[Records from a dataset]
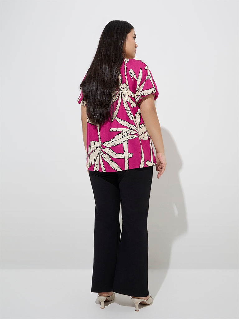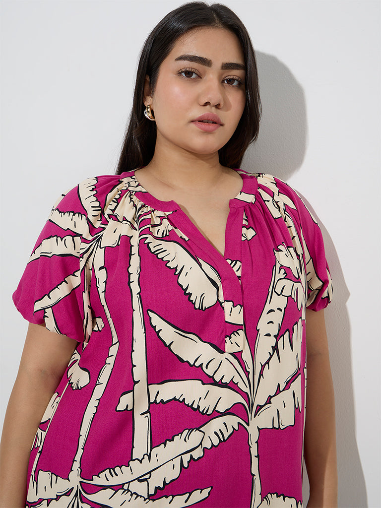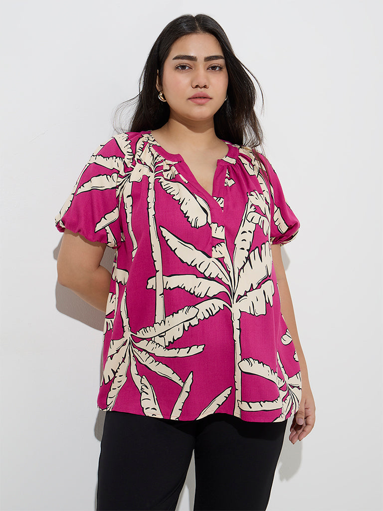 This fuchsia blouse from Gia showcases tropical motifs throughout. adding a playful touch to your look. Milled from a breathable fabric. it features a notched neckline that flows into a concealed placket. while puff sleeves lend a stylish finish.
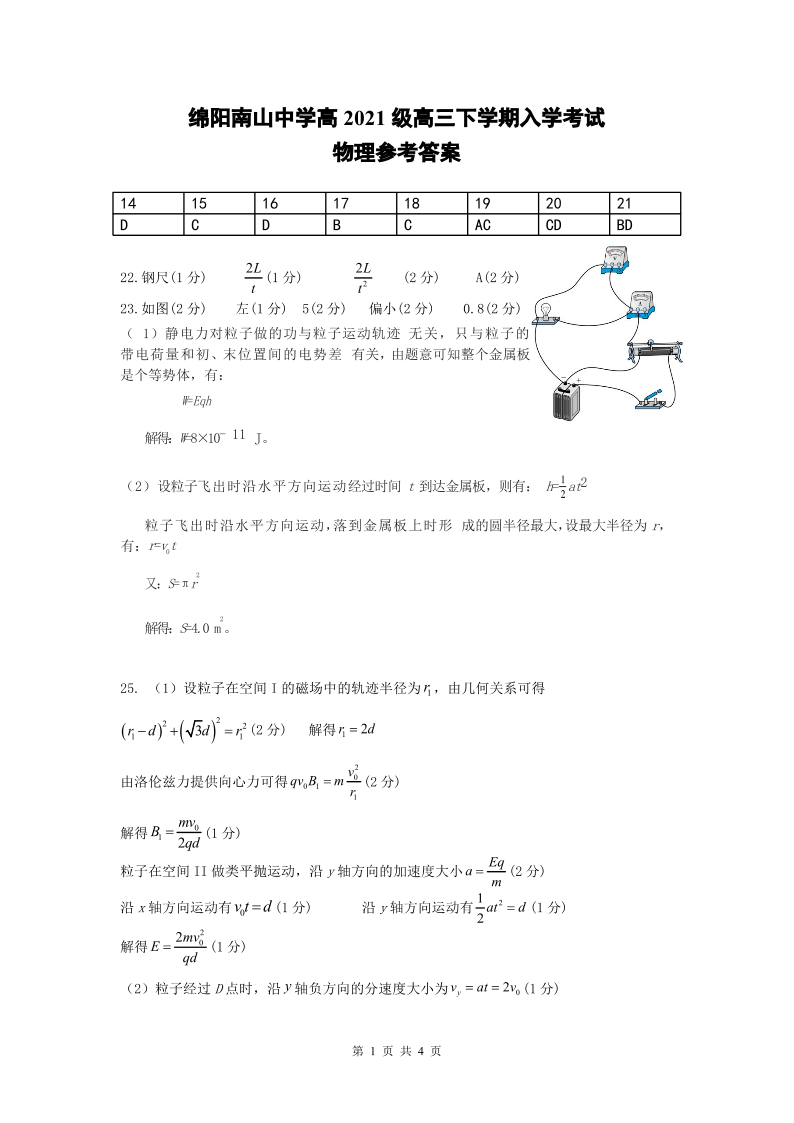 四川省绵阳南山中学2024届高三下学期入学考试理综答案
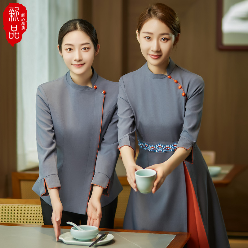 Pakaian Kerja Katering Gaya Cina Gaya Etnik Model Baru Fitur Hotel Restoran Pelayan Teh Lengan Panjang Musim Gugur dan Musim Dingin
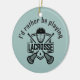 Lacrosse Design Ceramic Ornament with customizable text and background color.
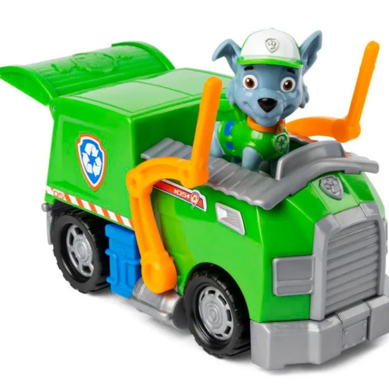 Vehículo con Rocky, personaje de la serie de animación Patrulla Canina. El montacargas gira y la parte trasera se abre como si fueran de verdad. Podrás extraer a Rocky del vehículo para poder jugar por separado. Recomendado a partir de 3 años.

## EXERCISE
Write out again the lines from the one with "Pakaian Kerja Katering" through the end of the records exactly, without any of the pictures.

## OUTPUT FOR THIS TASK
 Pakaian Kerja Katering Gaya Cina Gaya Etnik Model Baru Fitur Hotel Restoran Pelayan Teh Lengan Panjang Musim Gugur dan Musim Dingin
 Lacrosse Design Ceramic Ornament with customizable text and background color.
 Vehículo con Rocky, personaje de la serie de animación Patrulla Canina. El montacargas gira y la parte trasera se abre como si fueran de verdad. Podrás extraer a Rocky del vehículo para poder jugar por separado. Recomendado a partir de 3 años.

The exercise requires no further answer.